High levels of perfectionism and obsessive-compulsiveness were also linked to compulsive exercise. The finding that perfectionism was among the best predictors of compulsive exercise is consistent with previous investigations.12, 14 Although both subscales of perfectionism were significant for the boys, there was a greater association with the self-orientated form of perfectionism. Likewise, for the girls, it was self-perfectionism and not social perfectionism that was found to be a significant predictor of compulsive exercise. Castro and her colleagues27 found that self-orientated perfectionism was more strongly associated with ED than socially prescribed perfectionism. This is also in accordance with a previous study that had shown AN patients to experience their perfectionism as self-imposed.35 Therefore, this would suggest that self-perfectionism could be influential in the development of ED, and specifically AN, and that it could be operating through compulsive exercise. The results from the current study demonstrate that this association between self-perfectionism and compulsive exercise occurs even in an adolescent school-based population, where levels of disordered eating symptoms were relatively low. Therefore, if replicated longitudinally, this finding could represent a key area for early intervention and/or prevention work of compulsive exercise attitudes, whereby the individual's self-imposed high standards could be targeted with the aim of reducing the compulsivity towards exercise.

The close link between compulsive exercise and obsessive-compulsiveness has been widely established in previous research (Wyatt, Unpublished Doctoral Dissertation).13 The findings from this investigation demonstrate that a compulsivity towards exercise is associated with obsessive-compulsive symptoms even in a community sample of adolescent boys and girls. This close and direct association could indicate another possible area for prevention work of compulsive exercise; work that could target certain individuals with greater levels of obsessive-compulsiveness. However, it is uncertain whether the compulsivity towards exercise actually develops into a wider obsessive-compulsiveness, or whether the causal direction is in fact the reverse, with individuals with obsessive-compulsive symptoms being at greater risk for developing compulsive exercise.
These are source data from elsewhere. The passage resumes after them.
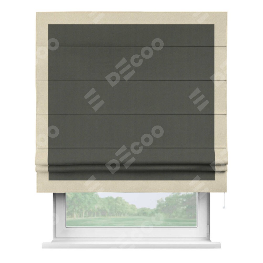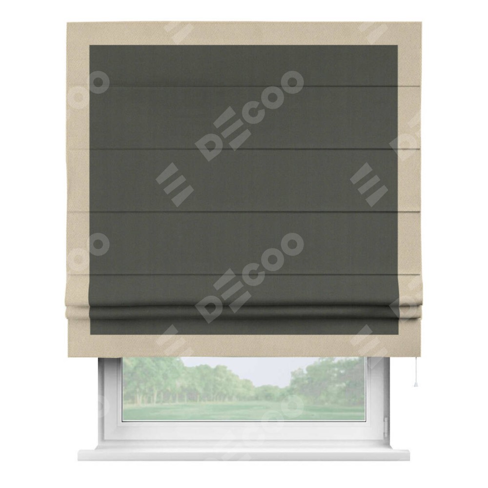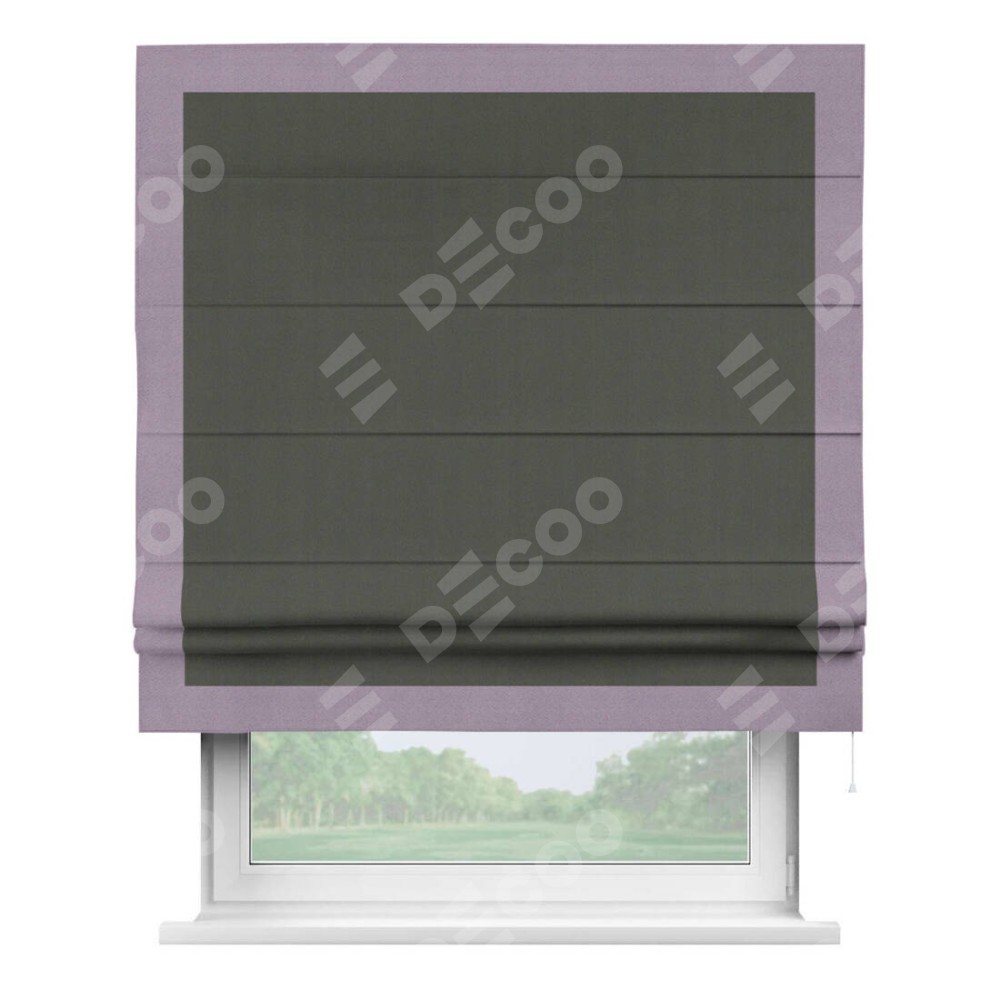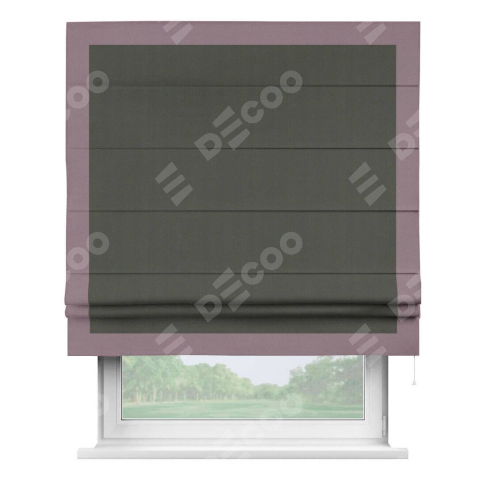 Римская штора «Кортин» для проема, блэкаут однотонный дымчато-серый с кантом Чесс
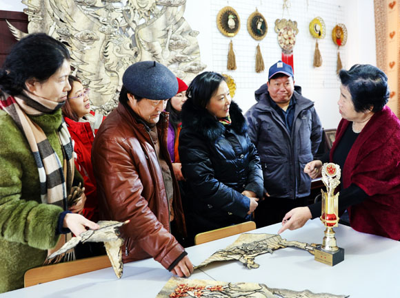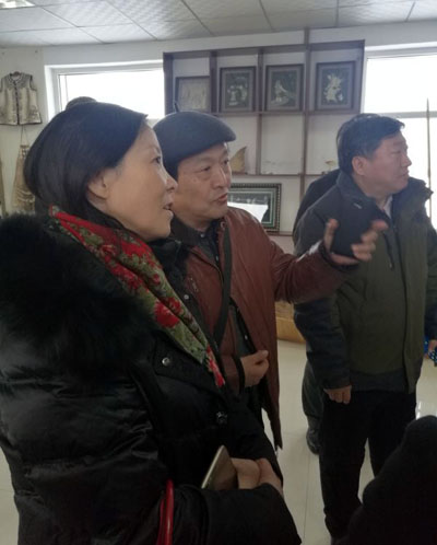 中国民协考察服务团走访全国首届山花奖金奖获得者、赫哲族鱼皮画传人刘升(图右一)。计世伟/摄
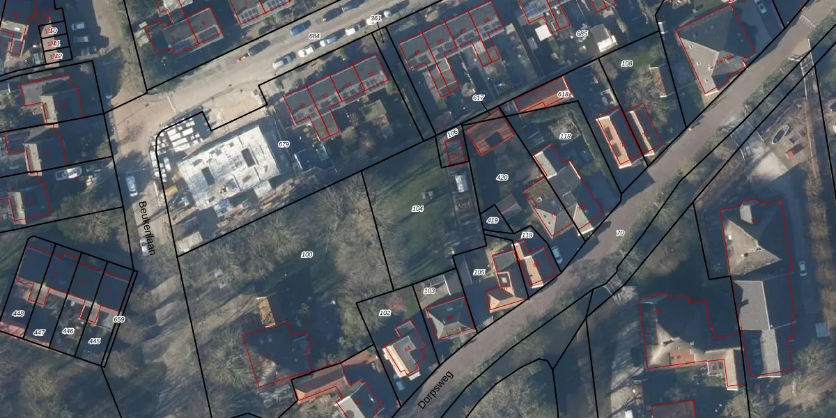 Gebruik de zoekbalk of klik op een perceel om informatie over het perceel te bekijken.

An interesting result from the present study was the lack of association between compulsive exercise and the psychological factors of anxiety and depression, as well as social physique anxiety. This is contrary to previous literature,16 although it is possible that in a nonclinical adolescent sample, the level of psychological morbidity may not yet be closely linked with exercising. Further research would be needed to identify whether the association between compulsive exercise and these psychological factors only occurs in specific samples, such as in a clinical ED or adult population.

This study has certain limitations that need to be highlighted. First, the cross-sectional nature of the design prevents causal attributions. Future research needs to replicate these findings using a longitudinal and/or experimental design to further establish causality. Second, the self-report nature of the measures could have been susceptible to reporter bias, as well as response error, particularly given the relatively young age of the sample. This is particularly true of the self-report nature of height and weight information. The use of self-report BMI data has been previously used in this age group,36 although it is accepted that self-report BMI in adolescents must be viewed with caution and objective BMI measurement would be preferable in future research.

Overall, the current study findings support a model where drive for thinness, perfectionism, and obsessive-compulsiveness all predict compulsive exercise in adolescents. The amount of variance accounted for by these personality predictors was large, with almost 40% of compulsive exercise in boys being explained by these variables. This suggests that compulsive exercise is largely a self-driven behavior that is affected by personal attributes and, as such, any potential prevention work needs to target the individual's existing personality motivations and general beliefs. Future research is also required to test the longitudinal associations between these personality traits and compulsive exercise.